St Paul says in Romans 5 ‘While we were still sinners, Christ died for us.’  While we were still placing hope in false gods, Jesus healed us.  In our baptism, God brought the healing waters to us, he brought righteousness, forgiveness, and eternal life to us, while we are still dead in sin and did not even know Jesus.  This is the good news of Jesus life, death, resurrection and ascension.  By his blood he has already healed us and has given us life.  This grace comes to us anew each day and simply speaks a non-threatening word of healing.  He says to you, even though you may say ‘yes but…’ “Get up!
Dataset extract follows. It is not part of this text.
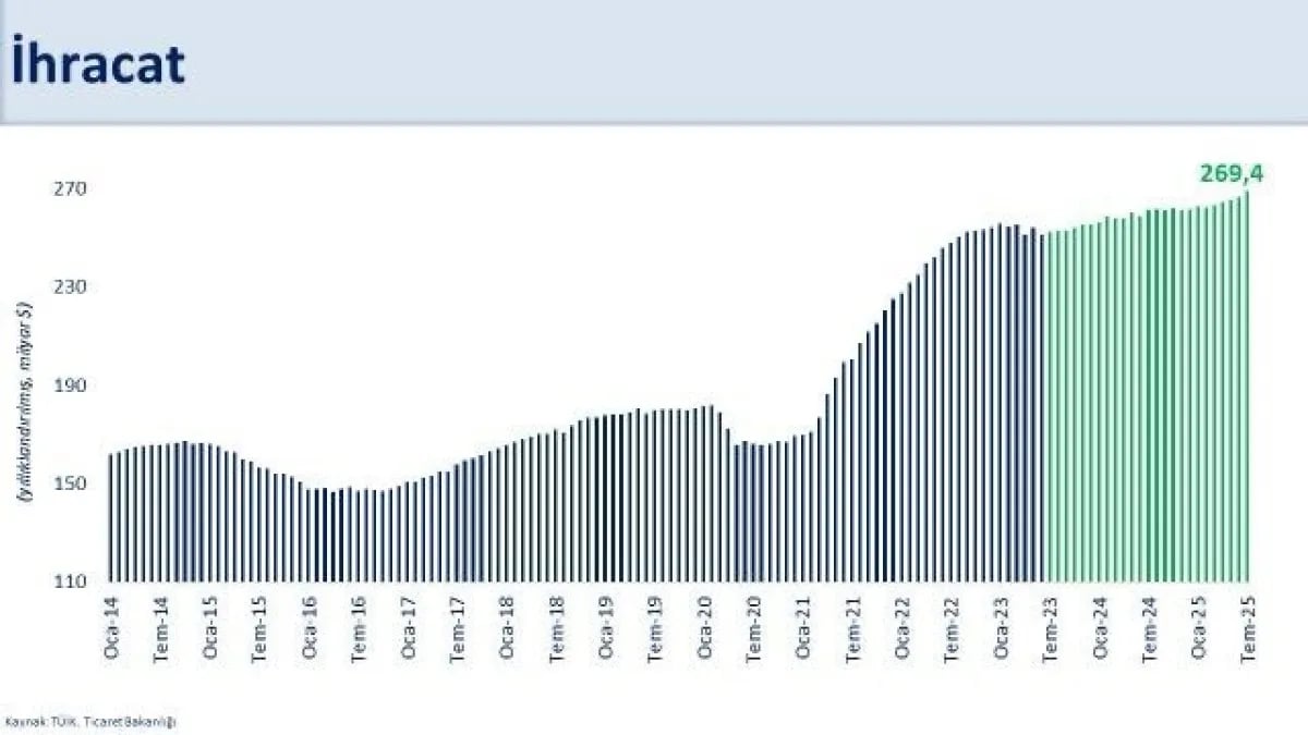 - Temmuz ayında ihracat yıllık bazda yüzde 11 artışla 25 milyar dolara ulaştı.

Pick up your mat and walk”  Walk in the forgiveness I offer.  And as sure as the paralysed man got up and walked, you also walk in newness of life.

As healed and restored people, with our false gods destroyed, and with the words of Jesus on our lips, we have the healing of Jesus to offer to others.  So many people’s lives are being wasted, desperately relying on false hopes; desperately trying everything to heal their hurts and cover their guilt from sin.  Many of these people used to know and believe in Jesus as the only one who can heal.  But slowly, the ‘means to be healed’  have became more important, and now they too have joined the multitudes ‘hanging around the pool false healing’, desperately hoping to enter into its healing waters, not knowing for sure if they are really going to be healed.

 

Dubbo

Let’s not wait around for them to be disappointed, to fall into total despair because they never get to the healing they so desire.  Let’s make plans like Jesus did, to visit where they hang out; to speak a healing word from Jesus.  Let’s make an effort to reconnect them to Jesus, the true source of healing.  I am praying that we may find a way of bringing healing and reconnection to the multitudes who gather at the Dubbo North School every weekday.  ‘Reconnect’ is a great word and would make a great mission enabling statement; to reconnect people to God, to healing and to life.  Our church is perfectly sized and positioned to make today’s gospel a reality in the lives of those who frequent the school.

 

Gilgandra

Let’s not wait around for them to be disappointed, to fall into total despair because they never get to the healing they so desire.  Let’s make plans like Jesus did, to visit where they hang out; to speak a healing word from Jesus.  Let’s make an effort to reconnect them to Jesus, the true source of healing.  I am praying that we may find a way of bringing healing and reconnection to the multitudes that travel the highway each day.  Our church is perfectly sized and positioned to make today’s gospel a reality in the lives of those who frequent the road out front.

Let’s pray that God would make a gate for us to open, like the sheep gate, that leads us into the midst of desperate people, people who don’t even know they need Jesus!  Now that’s a radical prayer.  But then again, God works in radical ways, after all, despite our inaction, our false god’s, our continual sin, he still loves and forgives and still heals us saying ‘Get up! Pick up your mat and walk’.